Nail polish remover also works well for permanent marker.
So when I go to Lowe's I should ask for prostitute-passion red latex paint? Do they have it in stock or is it special order:)
@John Thedford
Alls I know is I'm pretty sure it was on special somewhere@!
@Ian Olmsted
I've never let a tenant paint a rental. Part of hardening old low-cost rental properties in Pittsburgh like this (with intact plaster throughout and lead paint safety issues properly put to bed) is getting the paint right at first so that we can clean and repaint reliably and quickly between tenants. Paint is a protective coating with decorative properties. You get people painting who can't understand why it's there, and you have one crappy job after the other that takes a lot of time and cost to correct and get the value of the paint job to match the value of the property, especially on trim.
UPDATE: Kilz2 effectively put away Melisandre in two coats, ready to roll on Glidden Premium.
@Account Closed
One of my mentors said that he let tenants paint once and they decided to paint the room floor to ceiling in a red and white checkerboard fashion.
I applaud their commitment, but that was one of the craziest painting debacles I've heard of.
Originally posted by @Bettina F.:
we once bought a house with a Sleeping Beauty mural drawn on the wall with permanent markers. I assumed the previous owners had their own little princess. that is how I learned about Kilz- - 2 wasted coats of paint later.
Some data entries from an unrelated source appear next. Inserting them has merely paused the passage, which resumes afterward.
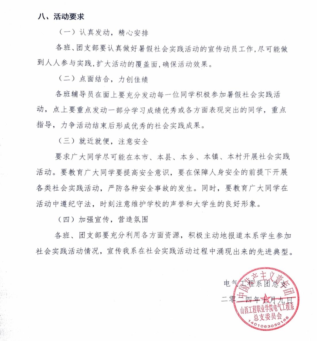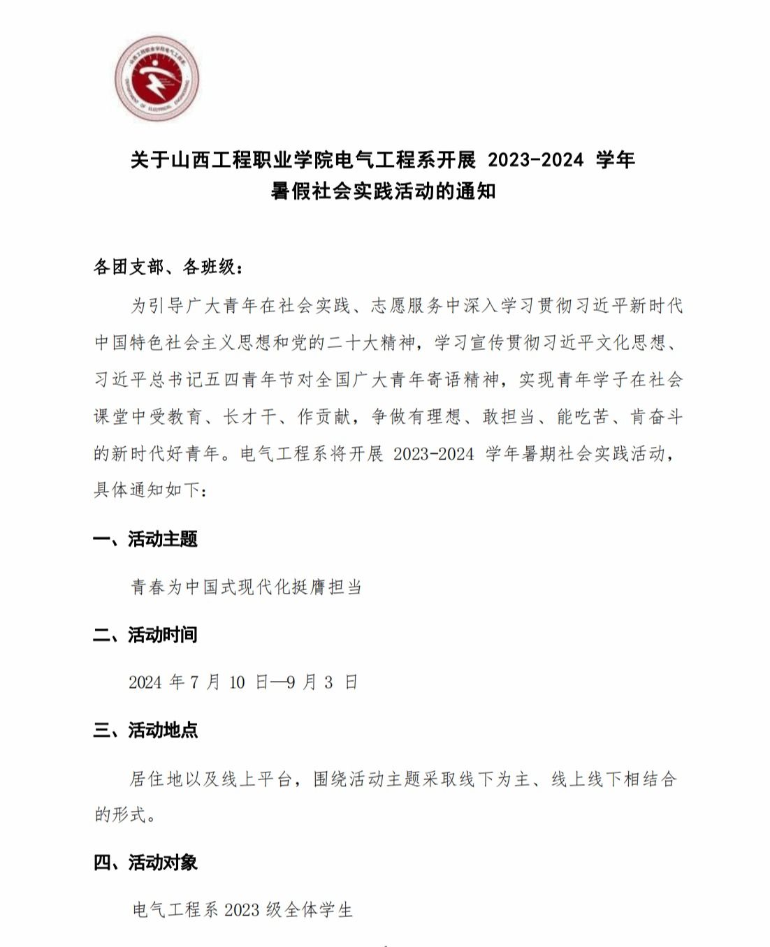 关于山西工程职业学院电气工程系开展2023-2024学年暑假社会实践活动的通知
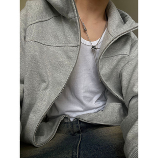 套头无帽小个子宽松圆领上衣N 新款 班尼路灰色短款 卫衣女2025秋季
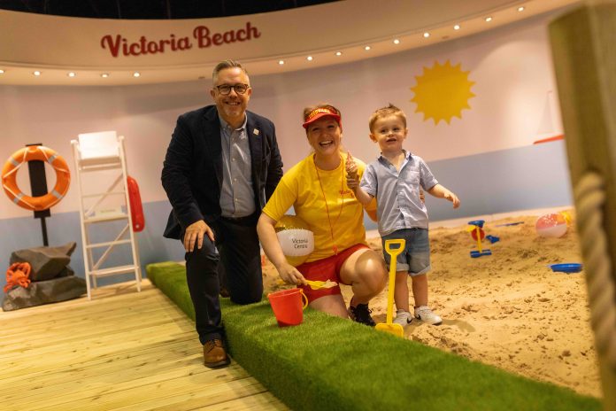 Ten-tonnes of sand have been shipped in to the centre’s upper mall to create the new free experience, which also features family-friendly games and pier-style retro arcade machines, including PacMan and Space Invaders.
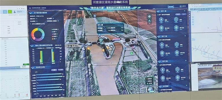 在河套灌區(qū)水量信息化監(jiān)測中心50米長的數(shù)字屏幕上,“數(shù)字總干渠”灌溉運(yùn)行決策支持系統(tǒng)只是其中一項內(nèi)容,在這個數(shù)字屏幕上,還能看到黃河三盛公水利樞紐工程的實(shí)時畫面、河套灌區(qū)渠溝道樞紐工程實(shí)時運(yùn)行現(xiàn)狀、總干渠5座樞紐工程運(yùn)行情況視頻、河套灌區(qū)水量調(diào)度系統(tǒng)、內(nèi)蒙古黃河實(shí)時視頻監(jiān)控等各種實(shí)時監(jiān)控畫面和實(shí)時數(shù)據(jù),先進(jìn)的科技讓人震撼。
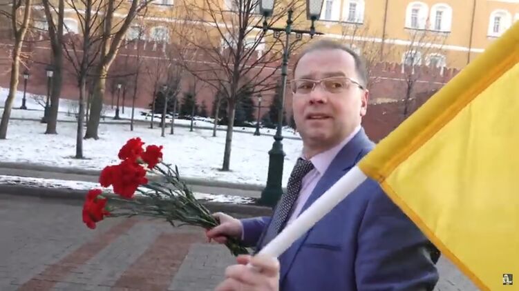 Юдин пришел в Александровский сад у Кремля с государственным флагом Украины и букетом гвоздик. Он приурочил свой пикет к 75-летию победы в Великой Отечественной войне и возложил цветы к монументу городам-героям.
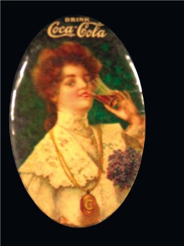 1906 Coca Cola Celluloid Pocket Mirror, The Whitehead and Hoag Co. Some crazing at 3:00 otherwise very good condition. 1 3/4 X 2 3/4 inches.
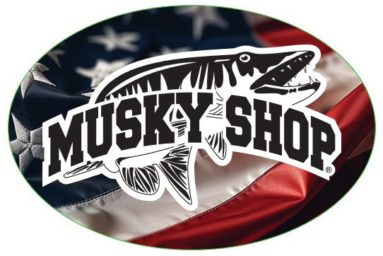 Musky Shop Oval Decal Red White Blue Waving Flag
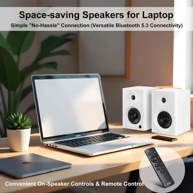 80W Max Output Powered PC Speakers High Resoluton Audio: Powerful 2.0 stereo speakers deliver crystal-clear audio with clear highs and punchy bass, despite the compact size. The NSY-BS401 bookshelf speakers are perfect for gaming, music, and movie. Sufficient power handling for clear and dynamic audio performance, suitable for small to medium-sized home office, living rooms, dining areas. Well-tuned drivers deliver a balanced sound profile with clear highs, detailed mids, and deep lows. Best Father's Day, Birthday, Back-to-School Gift
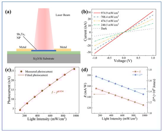 (a) Schematic illustration of the photodetection setup, where a laser beam irradiates the Sb2Te3 nanoparticle (NP)−based photodetector fabricated on a SiO2/Si substrate with metal electrodes. (b) Curren–voltage (I–V) characteristics of the device under 850 nm light illumination at various optical power densities (974.9, 708.4, 474.5, and 240.5 mW/cm2), along with the dark condition, measured at room temperature with a 1 V bias. (c) Photocurrent as a function of incident light intensity, showing a power-law dependence, indicating the nonlinear photoresponse behavior. (d) Responsivity (R) and specific detectivity (D*) of the device as a function of light intensity, both showing a decreasing trend with increasing power density. All measurements were performed at room temperature under a constant bias of 1 V [100].
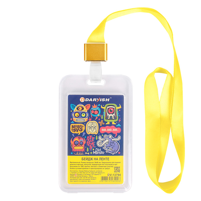 Бейдж на ленте вертикальный прозрачный. Размер вкладыша: 54*86 мм. Предназначен для ношения визитных карточек, пропусков, аккредитаций или пластиковых карт. Длина ленты: 38,5 см, ассорти цвет. Упаковка 20шт ассорти - ПЭ пакет.
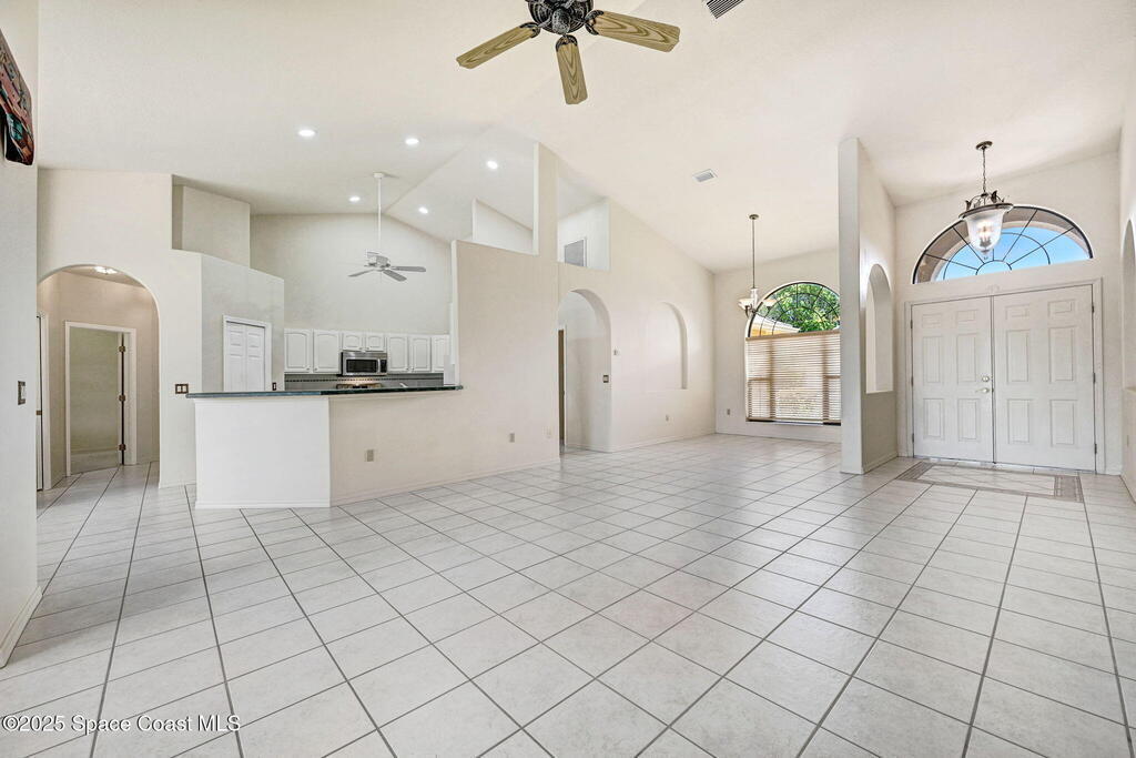 Breakfast Bar , Ceiling Fan(s) , Eat-in Kitchen , His and Hers Closets , Open Floorplan , Pantry , Primary Bathroom -Tub with Separate Shower , Split Bedrooms , Vaulted Ceiling(s)

My wife and I just did similar for our kids rooms, only with Mario. We outlined with permanent marker... Our youngest asked to get rid of two of his characters, so we did... After 3 coats of paint we realized the marker was not going to disappear without a good primer. 2 coats of Kilz Complete and 2 more coats of wall paint and the characters are gone. Should have known better, however we were rushing the project along to get the kids into their bedrooms.
I rent and had to repaint over my landlords horrible DARK BROWN through the entire house. We picked a nice neutral gray / taupe. Opens up the whole house and makes it look so much bigger. Of course he agreed on the color before we painted!
@Account Closed the prostitution red latex paint sounds like Red Guard waterproofing and crack membrane sold at home depot. One would paint it on like regular paint around the walls of a tub/shower before installing tile...very interesting choice they made with that selection!
@Stephanie D.
Very good eye. It wasn't RedGard, just thick water-based paint. You're absolutely right, though, it was practically the same shade as dried RedGard where it had been exposed to minimum UV exposure from the four windows in this bedroom, as it has here in the photo posted.
I also met the tenant who did this -- and she would not know RedGard from Easter egg dye powder.
In other places throughout the room, the paint had darkened a bit and taken on more of a purplish tone. The worst example of this was on the crown molding of the room, which itself was an obvious, poorly-done late addition to this duplex, originally finished in very good stain-grade oak trim. The original trim on this place was done by a very good trim carpenter. It's been a complete shame, a leprosy of the soul, to paint over it. But the place is old and was maintained for seventy years by a father and son team of living avatars of Bozo the Clown Handyman. The trim was in really bad shape when we came in.